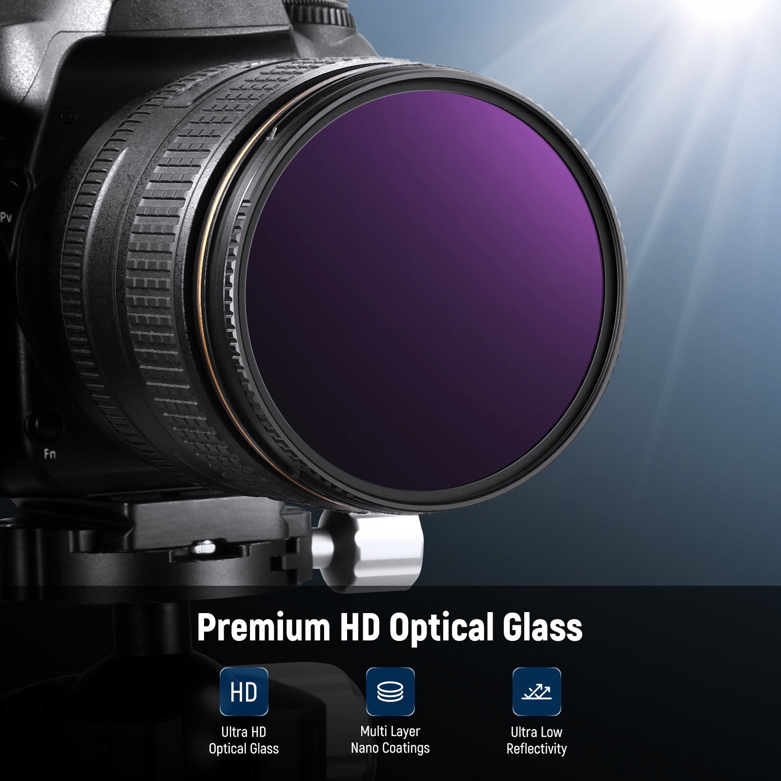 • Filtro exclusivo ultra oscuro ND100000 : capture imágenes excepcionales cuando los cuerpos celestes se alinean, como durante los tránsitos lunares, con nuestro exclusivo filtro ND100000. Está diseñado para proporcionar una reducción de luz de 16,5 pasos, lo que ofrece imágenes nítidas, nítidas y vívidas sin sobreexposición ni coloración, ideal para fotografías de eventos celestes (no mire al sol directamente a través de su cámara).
☆ ☆ ☆
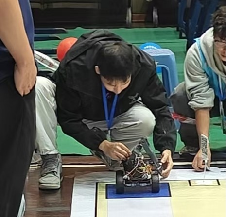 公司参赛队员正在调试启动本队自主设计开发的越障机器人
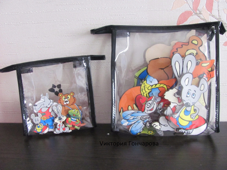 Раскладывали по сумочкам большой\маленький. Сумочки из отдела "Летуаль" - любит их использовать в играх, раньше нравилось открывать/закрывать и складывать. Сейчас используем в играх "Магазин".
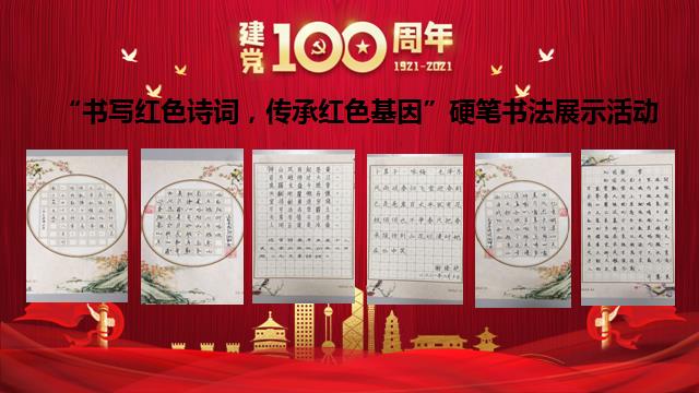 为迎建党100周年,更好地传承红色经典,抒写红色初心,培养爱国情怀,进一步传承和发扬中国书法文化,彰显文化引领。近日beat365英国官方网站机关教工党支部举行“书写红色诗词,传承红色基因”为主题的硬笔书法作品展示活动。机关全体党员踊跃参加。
☆ ☆ ☆
PROBLEM TO SOLVE:
From the records above, output only the lines starting at the one containing "公司参赛队员正在调试启动本队自主设计开发的越障机器人" and ending at the one containing "为迎建党100周年,更好地传", word for word. Pictures stay out.

ANSWER FOR THE TASK:
 公司参赛队员正在调试启动本队自主设计开发的越障机器人
 Раскладывали по сумочкам большой\маленький. Сумочки из отдела "Летуаль" - любит их использовать в играх, раньше нравилось открывать/закрывать и складывать. Сейчас используем в играх "Магазин".
 为迎建党100周年,更好地传承红色经典,抒写红色初心,培养爱国情怀,进一步传承和发扬中国书法文化,彰显文化引领。近日beat365英国官方网站机关教工党支部举行“书写红色诗词,传承红色基因”为主题的硬笔书法作品展示活动。机关全体党员踊跃参加。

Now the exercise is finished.